On Fri, Oct 1, 2010 at 3:35 AM, Mark Abraham <mark.abraham at anu.edu.au>wrote:

>
>
> ----- Original Message -----
> From: Roland Schulz <roland at utk.edu>
> Date: Friday, October 1, 2010 16:58
> Subject: Re: [gmx-developers] Collective IO
> To: Discussion list for GROMACS development <gmx-developers at gromacs.org>
>
> >
> >
> > On Thu, Sep 30, 2010 at 9:19 PM, Mark Abraham <mark.abraham at anu.edu.au>wrote:
>
>> >
>> >
>> > ----- Original Message -----
>> > From: Roland Schulz <roland at utk.edu>
>> > Date: Friday, October 1, 2010 9:04
>> > Subject: Re: [gmx-developers] Collective IO
>> > To: Discussion list for GROMACS development <gmx-developers at gromacs.org
>> >
>> >
>> > >
>> > >
>> > > On Thu, Sep 30, 2010 at 6:21 PM, Szilárd Páll <szilard.pall at cbr.su.se
>> > wrote:
>>
>>> > > Hi Roland,
>>> > >
>>> > > Nice work, I'll definitely take a look at it!
>>> > >
>>> > > Any idea on how does this improve scaling in general and at what
>>> > > problem size starts to really matter? Does it introduce and overhead
>>> > > in smaller simulations or it is only conditionally turned on?
>>>
>> > >
>> > > At the moment it is always turned on for XTC when compiled with MPI.
>> In serial or with threads nothing changes. At the moment we buffer at
>> maximum 100 frames. If one uses less than 100 PP nodes than we buffer as
>> many frames as the number of PP nodes. We also make sure that we don't
>> buffer more than 250MB per node.
>> > >
>> > > The 100 frames and 250MB are both constants which should probably
>> still be tuned.
>> >
>> > Indeed - and the user should be able to tune them, too. They won't want
>> to exceed their available physical memory, since buffering frames to virtual
>> memory (if any) loses any gains from collective I/O.
>>
> > Honestly we hadn't thought much about the 250MB limit. We first wanted
> to get feedback on the approach and the code before doing more benchmarks
> and tuning these parameters.
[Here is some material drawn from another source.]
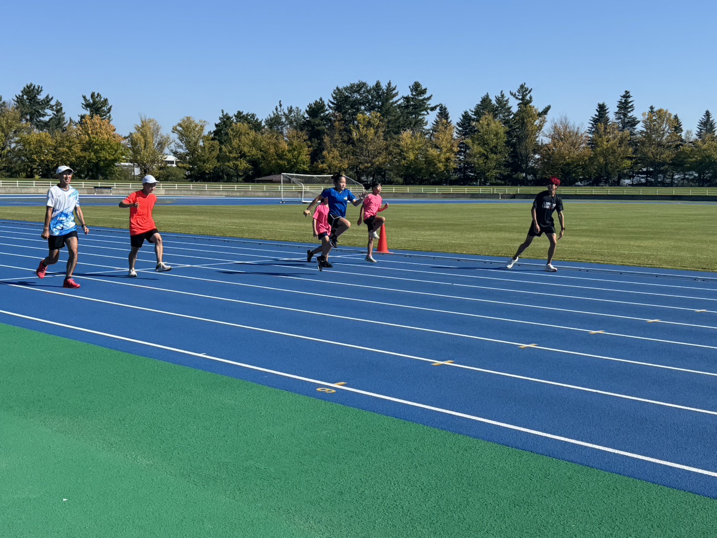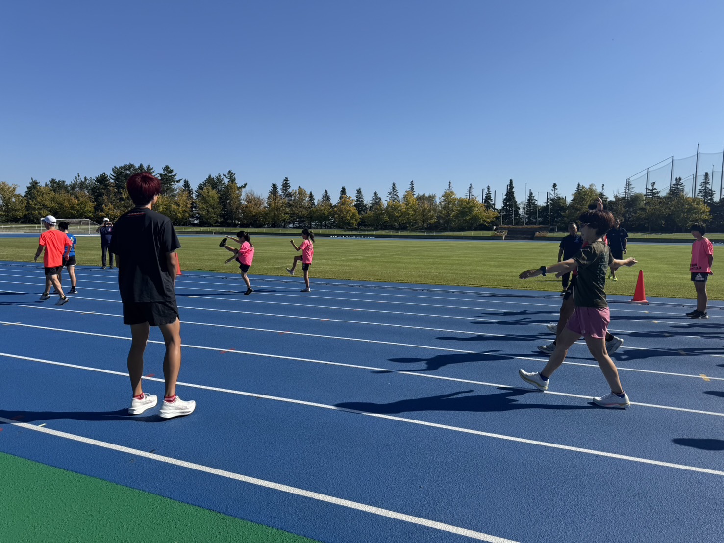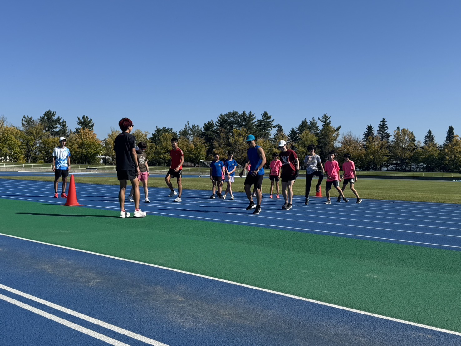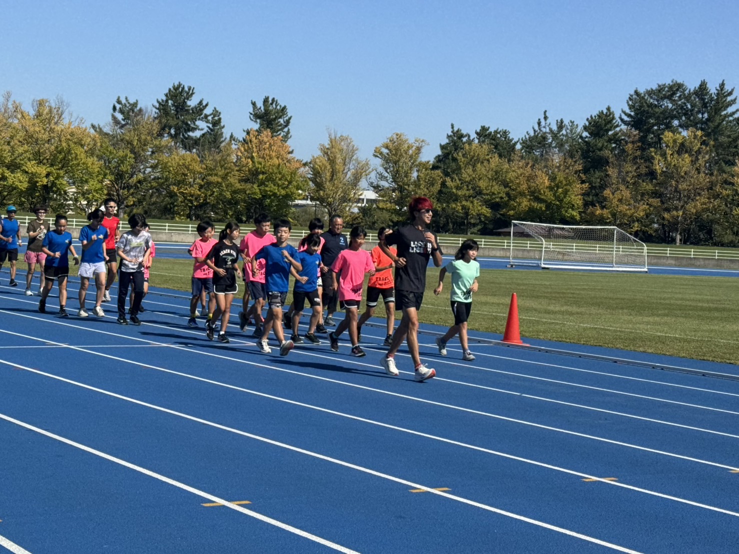 10月4日(土)招待選手のこわだ君による「ランニングクリニック」を弘前市運動公園陸上競技場で開催しました。 晴天にも恵まれ、こわだ君からランニング時の体の使い方を学んでいました。 明日大会に参加される皆さんがそれぞれ秋の津軽路を楽しんで走り、笑顔でゴールすることを念願しております。 また、スタッフのみなさん明日は朝早くからよろしくお願いいたします。

It is very likely that their are no cases which
> benefit from using more than 2MB per MPI process.
> >
> > In case we limit the memory usage to 2MB should we still make it
> configurable? I think adding to many mdrun option gets confusing. Should we
> make the number of buffered frames a hidden mdrun option or
> an environment variable (the default would be that the number is
> auto-tuned)?
>
> Hmmm. 2MB feels like quite a low lower bound.
>
The buffering is done on every node before the data is collected to the IO
nodes. Thus if you e.g. have 1000 nodes each buffering 2MB and you have 20
IO nodes each IO node gets 100MB.
The IO requirement of an IO node is the same as it is currently for the
master. A whole frame has to fit into memory (an IO node never has more than
one frame). This can of course be a problem but it is independent of the
current approach.
As soon as someone writes code which allows to write a single frame in
parallel this can be easily combined with our buffering approach and would
overcome this memory requirement.

Thus our approach doesn't improve the current memory requirement. But it
also doesn't increases the memory per process ( <2MB) significantly.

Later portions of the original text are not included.